A practical guide to RAG systems that ground LLM responses in real data, reducing hallucinations and keeping answers current.

Daniel Evershaw(ML Engineer & Technical Writer)May 3, 20265 min read0 views

Last updated: May 14, 2026

white printing paper with numbers
Quick Answer

RAG reduces LLM hallucinations by retrieving relevant documents from a knowledge base at inference time and including them as context for generation.

Every organization that has deployed a large language model in production has encountered the same problem: the model confidently states something that is simply not true. It invents product features that do not exist, cites policies that were never written, or provides outdated information with complete assurance. Retrieval-Augmented Generation (RAG) is the most practical solution to this problem today.

The Hallucination Problem

LLMs hallucinate because they are trained to produce plausible text, not truthful text. When asked about your company specific return policy, the model has no way to know the actual policy — it was not in its training data, or the training data is outdated. So it generates something that sounds like a return policy based on patterns it has seen. The result reads convincingly but may be entirely fabricated.

This is not a problem you can solve with better prompting alone. No matter how carefully you instruct the model to “only state facts,” it cannot distinguish between what it knows accurately and what it is confabulating. The architecture does not support that distinction.

How RAG Works

RAG addresses hallucination by giving the model access to a curated knowledge base at inference time. The process has three stages:

Indexing: Your documents — product manuals, policy documents, knowledge base articles, whatever your source of truth is — are split into chunks, converted into vector embeddings, and stored in a vector database. This happens once (or on a schedule as documents update).

Retrieval: When a user asks a question, their query is also converted into a vector embedding. The system searches the vector database for chunks whose embeddings are most similar to the query embedding. This returns the most relevant pieces of your documentation.

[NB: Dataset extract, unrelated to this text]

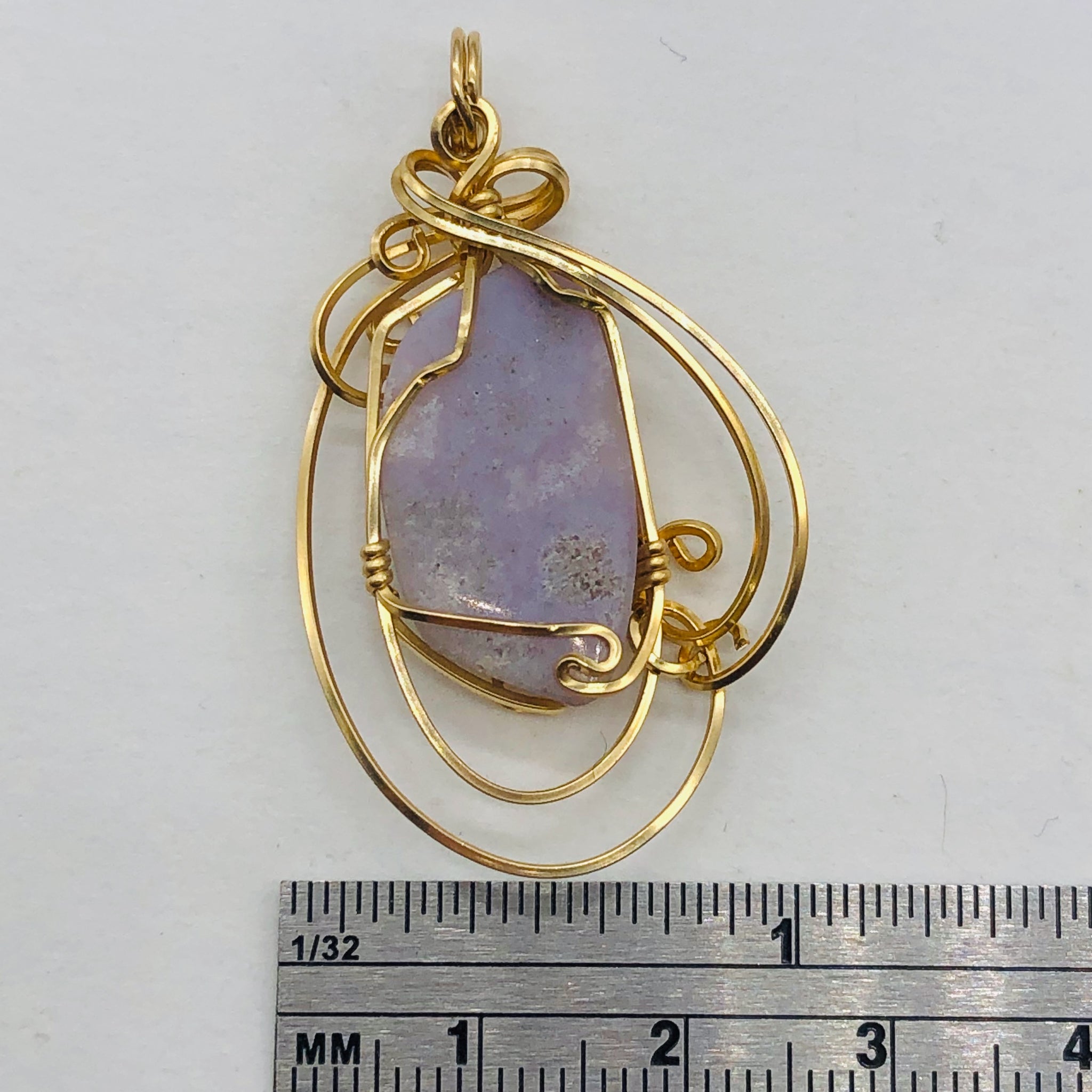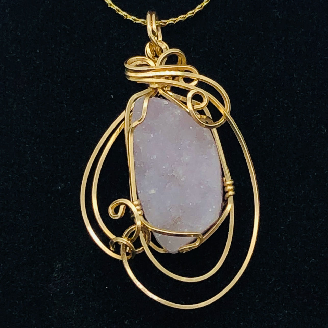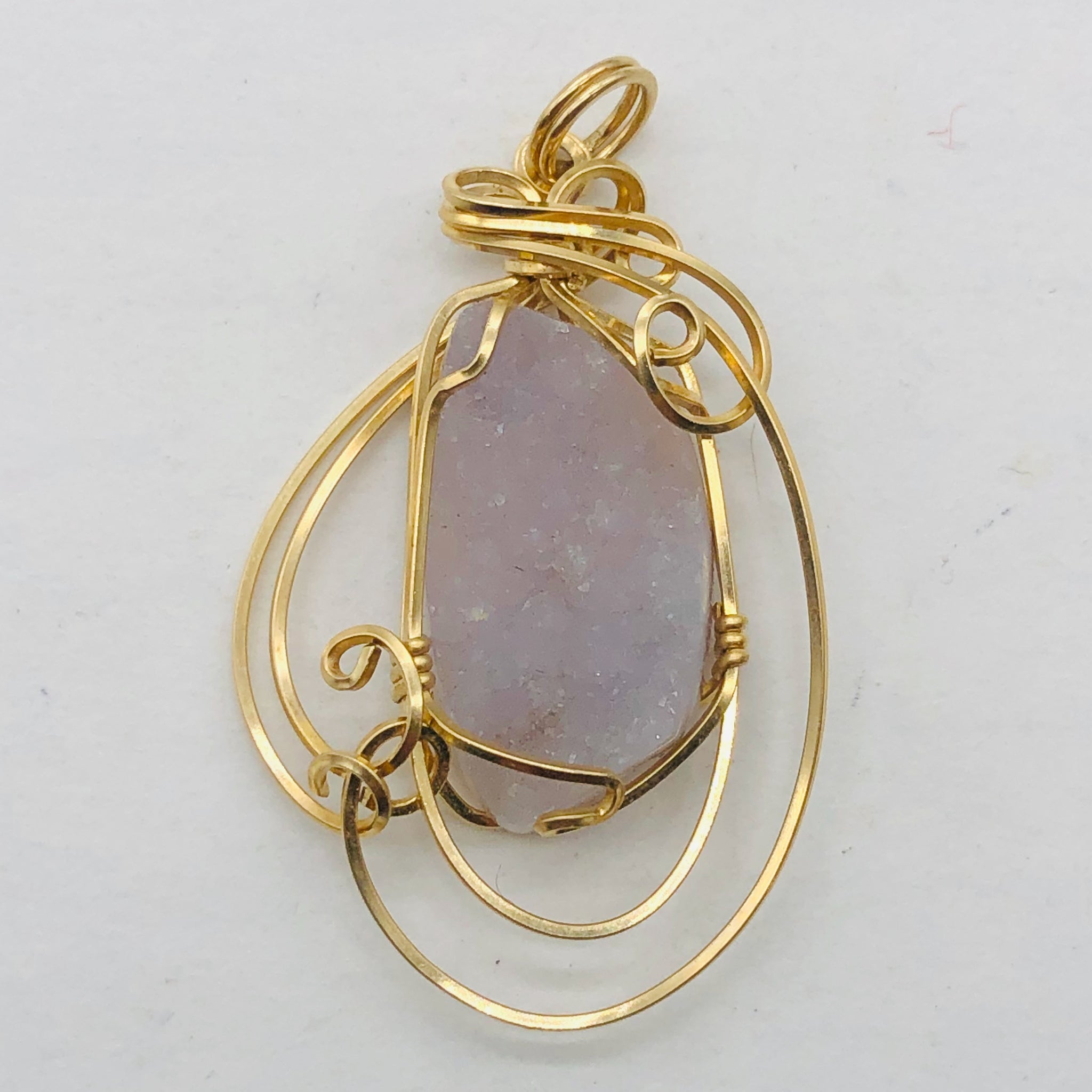 Light Pink Lavender Druzy Agate 14K Gold Filled Wire Wrap Drop Pendant

Generation: The retrieved chunks are inserted into the LLM prompt as context, along with the user question. The model generates its response based on this provided context rather than relying solely on its training data. You can instruct it to only answer based on the provided context and to say “I don not know” when the context does not contain the answer.

Chunking Strategies

How you split documents into chunks dramatically affects retrieval quality. Too large and you waste context window space on irrelevant information. Too small and you lose the coherence needed for the model to generate good answers.

Fixed-size chunking (splitting every N tokens) is simple but often splits mid-sentence or mid-paragraph, losing context. Semantic chunking uses natural boundaries — paragraphs, sections, or topic shifts — to create more meaningful units.

Overlapping chunks (where each chunk shares some content with its neighbors) help ensure that information at chunk boundaries is not lost. A common approach uses chunks of 500-1000 tokens with 100-200 token overlap.

For structured documents, hierarchical chunking preserves the document structure: a section header chunk links to its subsection chunks, allowing the retrieval system to pull in related context at multiple levels of detail.

Embedding Models

The embedding model converts text into dense vectors that capture semantic meaning. Two pieces of text about the same topic should have similar embeddings even if they use different words.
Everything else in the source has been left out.